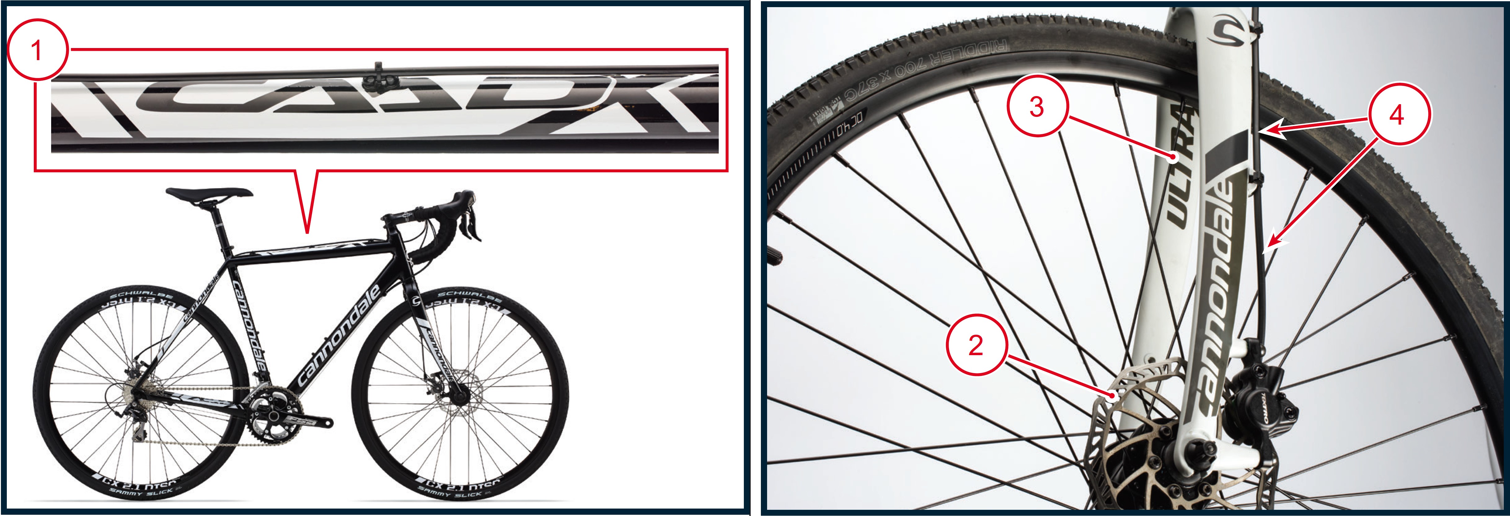 Besitzer von Cannondale Cyclocross CAADX Fahrrädern können selbst feststellen, ob ihr CAADX von diesem Rückruf betroffen ist. Dazu sollte das Rad auf nachfolgend aufgeführten Merkmale kontrolliert werden (wie in den Abbildungen zu sehen):
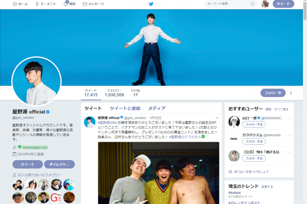 星野源のツイッターを見てたら伝えたいことが直ぐに伝えられるから便利だなって思ったし、見る方も手軽で簡単だからいいですよね。
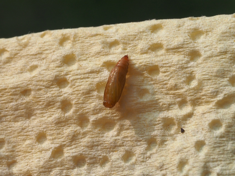 La data si riferisce al rilevamento delle larve su Rosmarinus officinalis L. ovvero il 15 ottobre 2018. Il 20 ottobre la prima larva si è incrisalidata. Tra ieri e oggi, sono nati i primi due adulti dei tre che ho allevato.
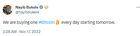 El gobierno salvadoreño ha dicho públicamente que ha comprado 2.381 bitcoins, sin revelar las cifras de lo invertido. La última compra fue efectuada el 30 de junio de 2022 cuando adquirió 80 bitcoins. El 17 de noviembre de 2022 Bukele anunció que El Salvador compraría una unidad a diario, aunque el gobierno no ha confirmado si eso ocurrió o no.
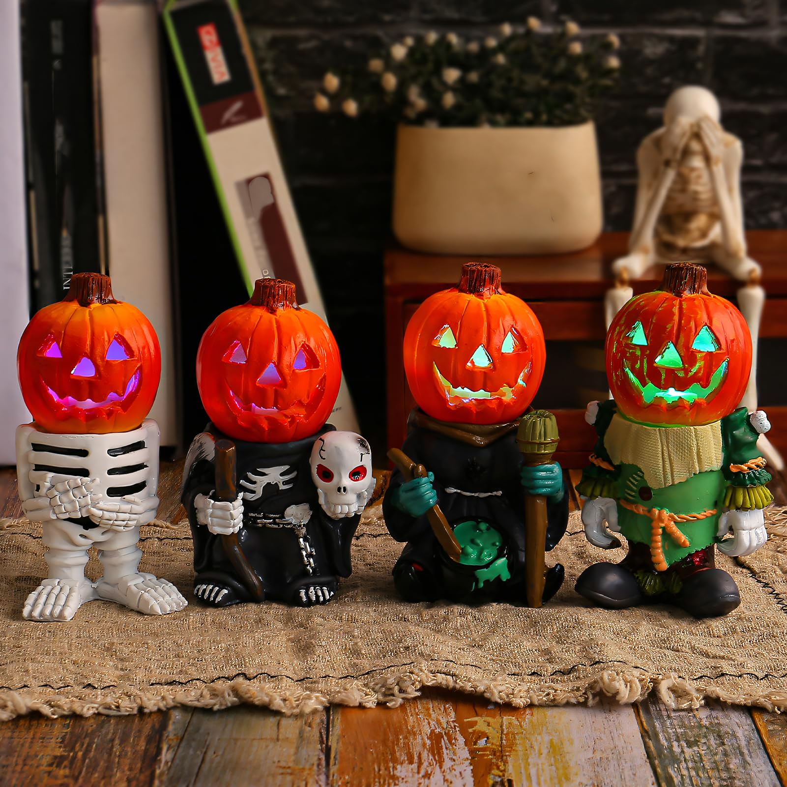 Halloween Tischdekoration Kürbis Licht | Gelbe Harz Figur 15cm Für Party & Home Decor
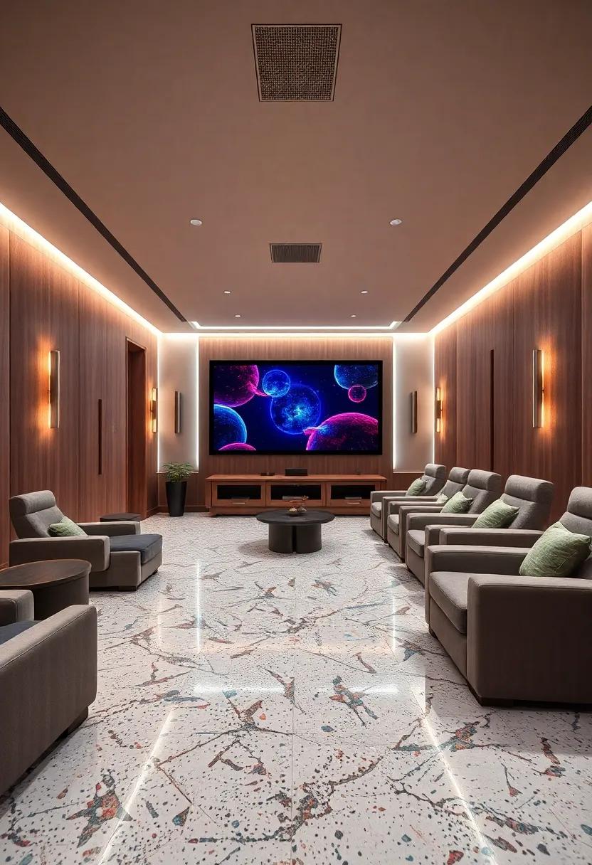 Revel in a luxurious home theater where a shimmering terrazzo floor creates an inviting path to plush, comfortable seating, ensuring every cinematic experience is nothing short of spectacular
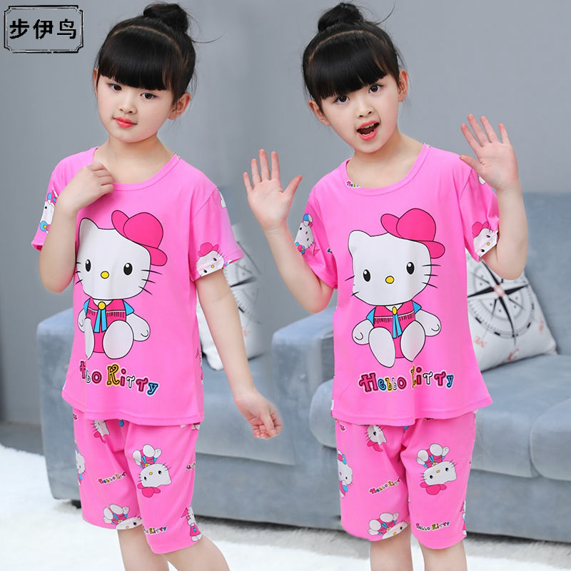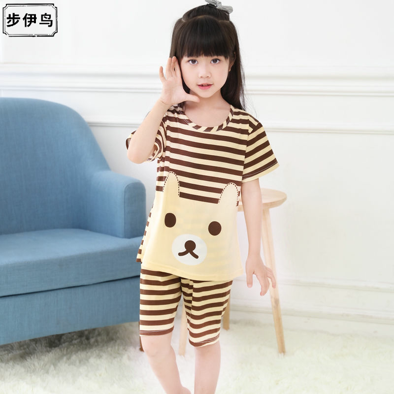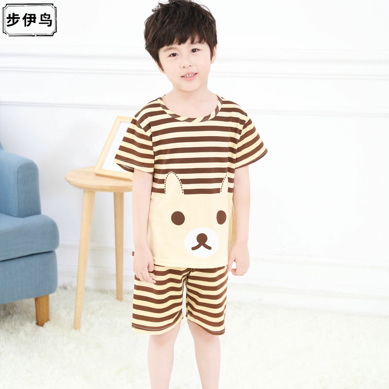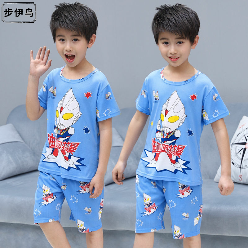 Детская летняя пижама подходит для мужчин и женщин, тонкий осенний детский мультяшный комплект, короткий рукав, подходит для подростков
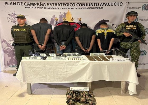 Durante el desarrollo de esta operación fueron incautados dos fusiles, una pistola, 447 cartuchos de diferentes calibres, 12 proveedores, un chaleco pixelado, equipos de comunicaciones y un vehículo.

■ **WORK TASK**: The answer consists solely of the lines from the one holding "Детская летняя пижама" through the last line of the entries above, set down verbatim, without any pictures.

■ **OUTPUT OF THE EXERCISE**:
 Детская летняя пижама подходит для мужчин и женщин, тонкий осенний детский мультяшный комплект, короткий рукав, подходит для подростков
 Durante el desarrollo de esta operación fueron incautados dos fusiles, una pistola, 447 cartuchos de diferentes calibres, 12 proveedores, un chaleco pixelado, equipos de comunicaciones y un vehículo.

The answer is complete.